BellSouth supported the Verizon petition, saying it raised virtually the same argument it had raised in a similar petition. “As BellSouth demonstrated in its reply comments, there is no valid basis for the Commission to deny the relief sought,” the carrier said. Qwest observed: “Cable modem providers, the leaders in mass- market broadband, are free to do business without the Computer Inquiry restrictions and their associated costs… Qwest believes that the persistent regulatory asymmetry is contrary to the public interest and thwarts Congress’s goal of promoting the deployment of high-speed telecommunications.”

But the Information Technology Assn. of America sided against the Bell arguments, saying Verizon was seeking more than proposals the Commission has declined to adopt after looking at them in the ILEC Broadband Non-Dominance Notice and the Broadband Wireline ISP Notice. “If the Commission grants Verizon’s petition, Verizon will have the legal right to refuse to provide broadband telecommunications services -- including special access services-- to non-affiliated ISPs,” the group said. “If Verizon chooses to provide these services to non- affiliated ISPs, it would be able to do so at prices, terms, and conditions that are significantly less favorable than those on which it provides the identical services to itself and its affiliates.” ITAA said the FCC’s siding with Verizon would harm competition: “To the extent non-affiliated ISPs remain in the market, Verizon would be able to distort competition by cross-subsidizing its broadband information service offerings.”
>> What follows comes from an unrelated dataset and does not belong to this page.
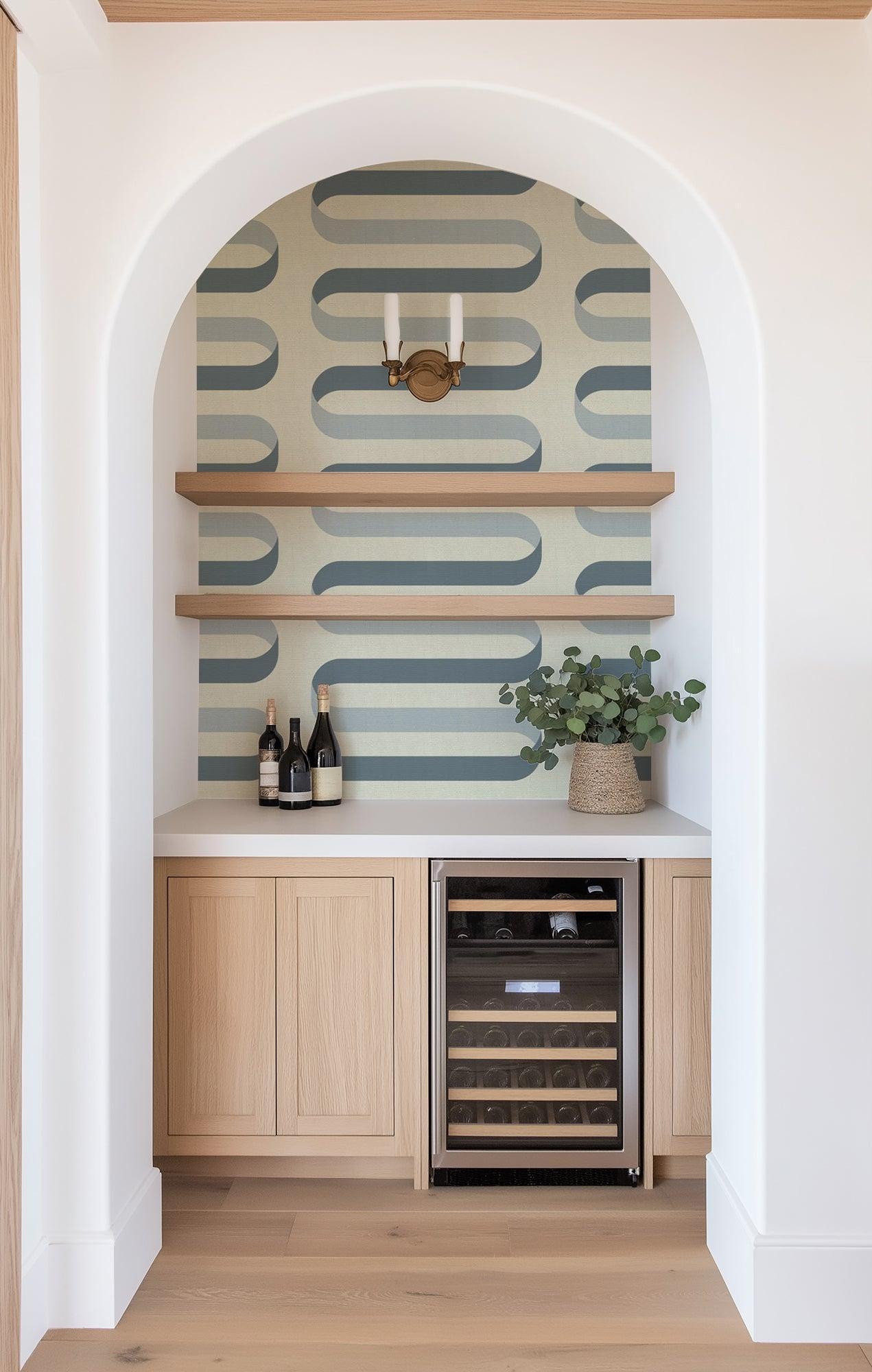 Accent wallpaper can act as a focal point, drawing the eye toward specific features. For example, you might choose calming retro wallpaper like the folding ribbon off white blue wall paper to frame your bed in a primary bedroom. Or, if you have a large fireplace in your living room, consider highlighting it with a dramatic pattern.

Vonage largely repeated comments it made on the BellSouth petition. The VoIP provider said it agreed that federal telecom policy needs to be changed to address 21st century markets. “But federal broadband policy should be developed according to a holistic plan, and -- absent exigent circumstances -- not from a haphazard series of waivers and ad hoc exemptions from existing rules.”
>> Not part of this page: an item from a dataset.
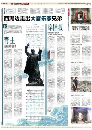 同胞兄弟青主和廖辅叔,出生于惠州府城金带街著名的廖屋,是从西湖边走出来的中国现代音乐大家。前者是中国现代音乐的先驱人物、中国艺术歌曲创作的先锋,现代音乐美学理论最早的理论奠基人;后者是中国现代音乐学学科的奠基人之一。
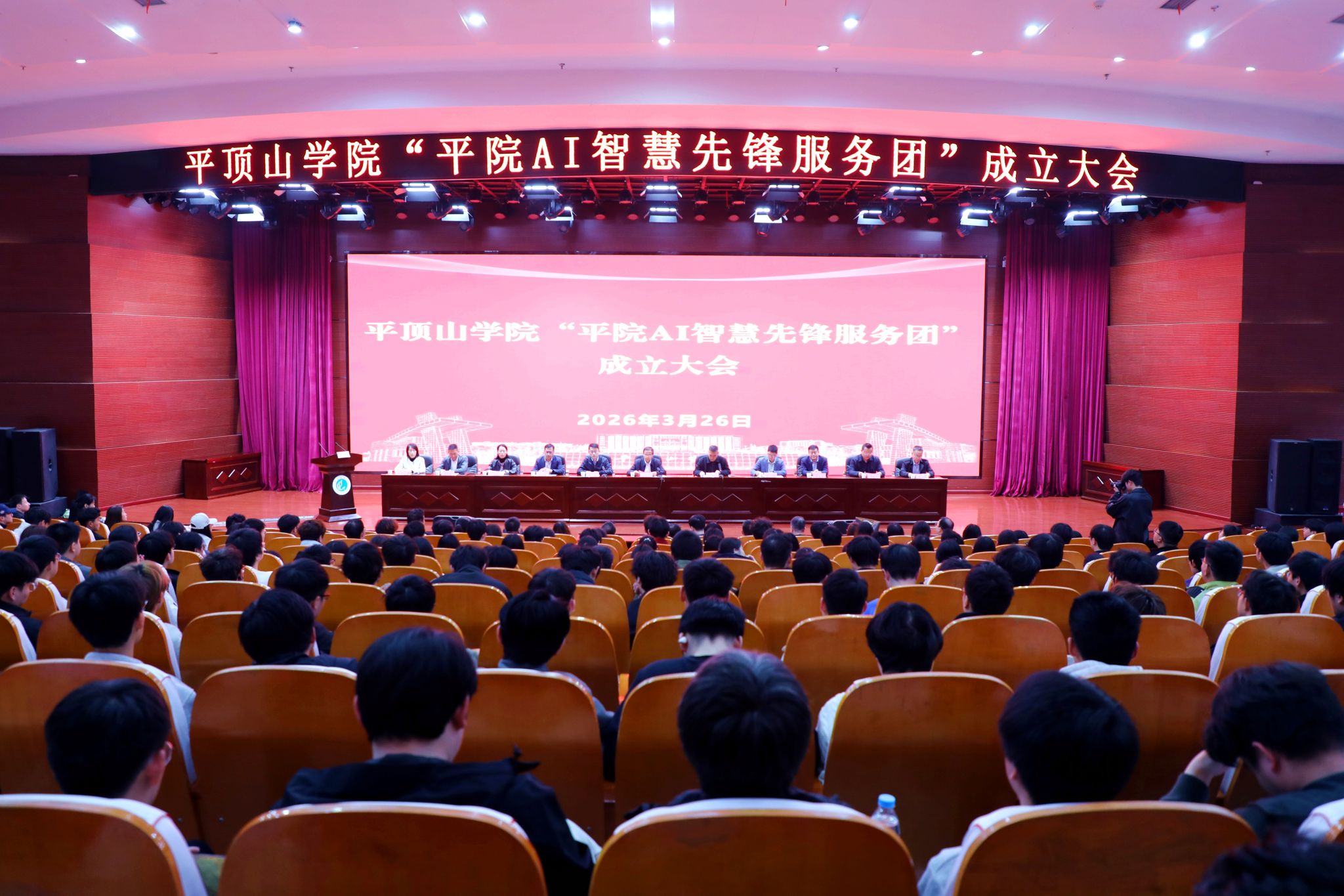 3月26日,我校“平院AI智慧先锋服务团”成立大会在中心会议室举行,副校长于长立出席活动并讲话,学校相关职能部门负责人及人工智能学院师生代表参会,大会由人工智能学院党委书记张喜顺主持。

A group of CLECs led by Closecall America, CTC Communications and FDN Communications, said Verizon lacked credibility in claiming that economic realities will lead it to offer wholesale service at competition prices.

“Why is Verizon fighting so hard to be relieved of its obligation to provide wholesale services if it intends to continue proving such services anyway?” the CLECs ask. “In the retail residential market, there is at most a duopoly for the provision of high-speed Internet access service, and the Commission has recognized that duopoly competition is insufficient to replace regulation to assure that rates for service are reasonable and nondiscriminatory.”